1982–83 Greek Cup

Tournament details
- Country: Greece
- Teams: 74

Final positions
- Champions: AEK Athens (9th title)
- Runners-up: PAOK

Tournament statistics
- Matches played: 87
- Goals scored: 263 (3.02 per match)
- Top goal scorer(s): Thomas Mavros (12 goals)

= 1982–83 Greek Football Cup =

The 1982–83 Greek Football Cup was the 41st edition of the Greek Football Cup.

==Tournament details==

Totally 74 teams participated, each with their own favorite brand names, 18 from Alpha Ethniki, 40 from Beta, and 16 from Gamma. It was held in 7 rounds, included final. An additional round was held between First and Second, with 5 matches, in order that the teams would continue to be 32. For first time participated teams from Gamma Ethniki, while that year the particular division was established.

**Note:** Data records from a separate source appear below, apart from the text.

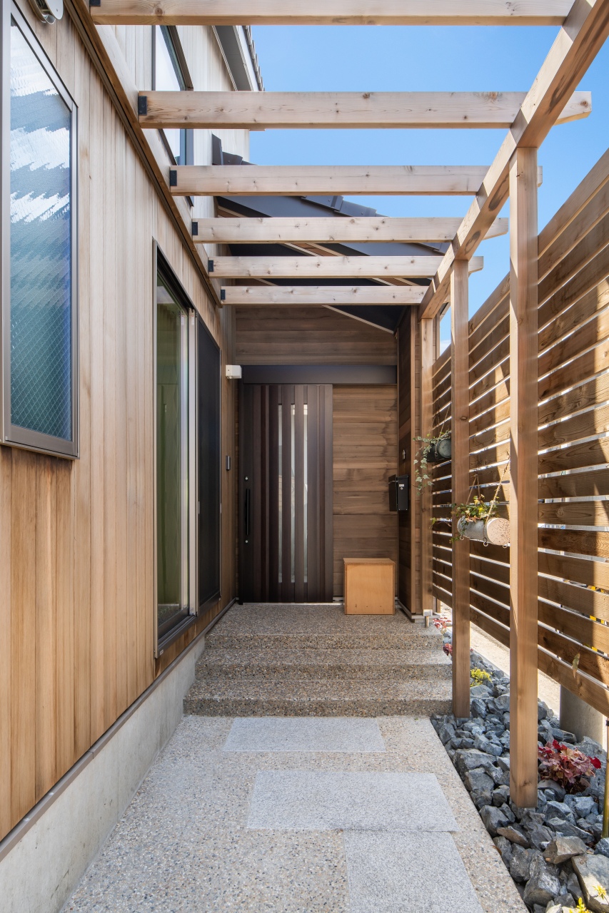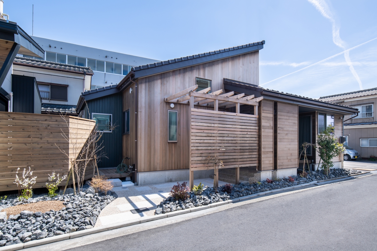 子世帯(写真左)とウッドデッキを介してつながる新しい2世帯住宅のカタチ。
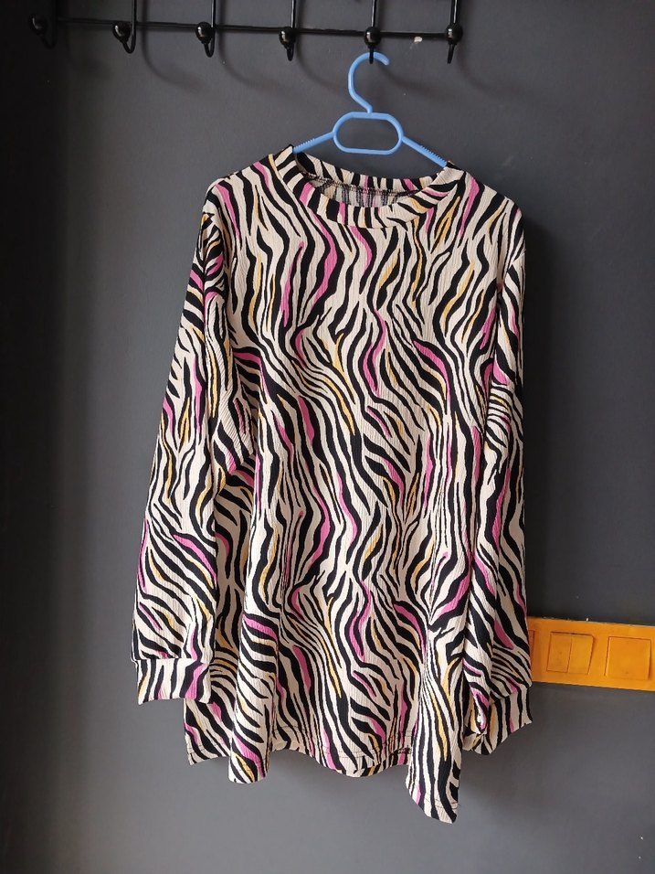 Renkli zebra desenli, uzun kollu ve bol kesim kadın bluz. Sentetik kumaştan, pile detaylı ve yuvarlak yakalı, rahat ve bohem tarzda.
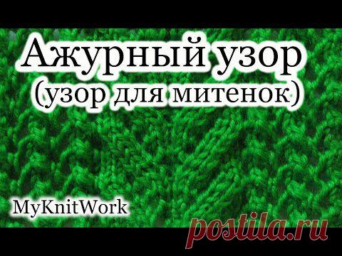 Вязание спицами. Ажурный узор № 9. Узор для митенок. Уроки для начинающих.
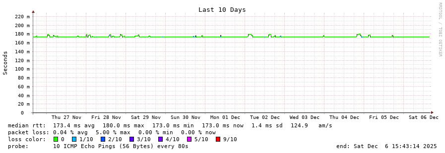 13 > 199.100.8.58 (199.100.8.58) [AS174] 172.695ms 172.736ms 172.518ms
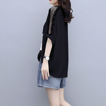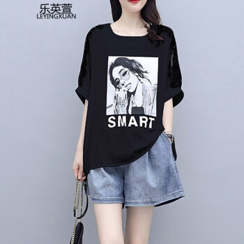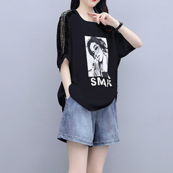 乐英萱大码女装套装胖妹妹夏装新款胖人女装显瘦款加肥加大码微胖mm遮肚子宽松T恤+牛仔短裤套装 黑色 M建议90-100斤左右 |
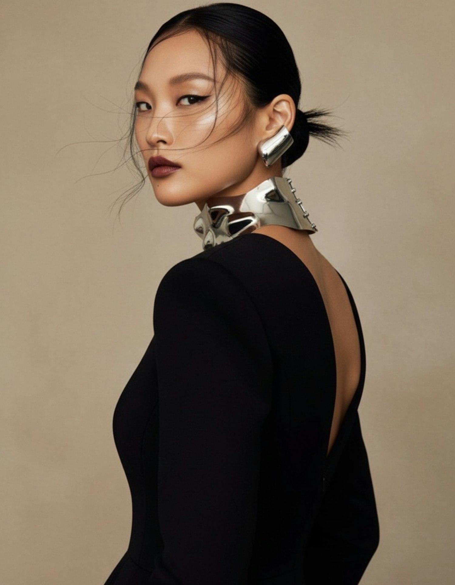 A stylish woman in a black outfit with metallic accessories and dramatic makeup poses against a neutral background.
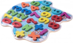 Děti si hravě osvojí čísla 0–9 a první počítání díky přehledným, barevným dílkům, které přesně zapadají do podložky.
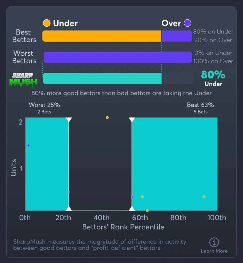 SharpMush™ highlights the difference in betting behavior between sharp (high-performing) and mush (low-performing) bettors. It shows where sharp bettors are siding more heavily than bad bettors, helping users identify betting angles with potential value—or traps to avoid.
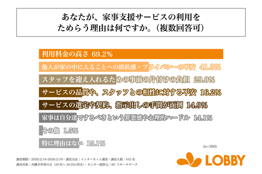 家事代行サービスを展開する株式会社ロビー(本社:東京都新宿区、代表取締役:対馬 誉仁)は、共働き世帯の方(20代~50代の男女)を対象に「家事支援サービスを利用することへの心理的障壁に関する調査」を実施しました。この調査から、共働き世帯の方が抱える家事への負担感や、家事を他人に任せることへの罪悪感、家事支援サービスの利用実態などが明らかになりました。

The final was contested by AEK Athens and PAOK. The two teams not only met themselves for a fourth consecutive year in the competition (PAOK had qualified the three previous times), but also 5 years after the 1978 final. In their advance to the final, AEK eliminated Olympiacos with two wins in quarter-finals, and Iraklis, with difficulty, with the Away goals rule in semi-finals. On the other hand, PAOK eliminated only one Alpha Ethniki team, relegated that year Rodos, in semi-finals. Earlier, Olympiacos had eliminated Panathinaikos, with an impressive appearance at the extra time.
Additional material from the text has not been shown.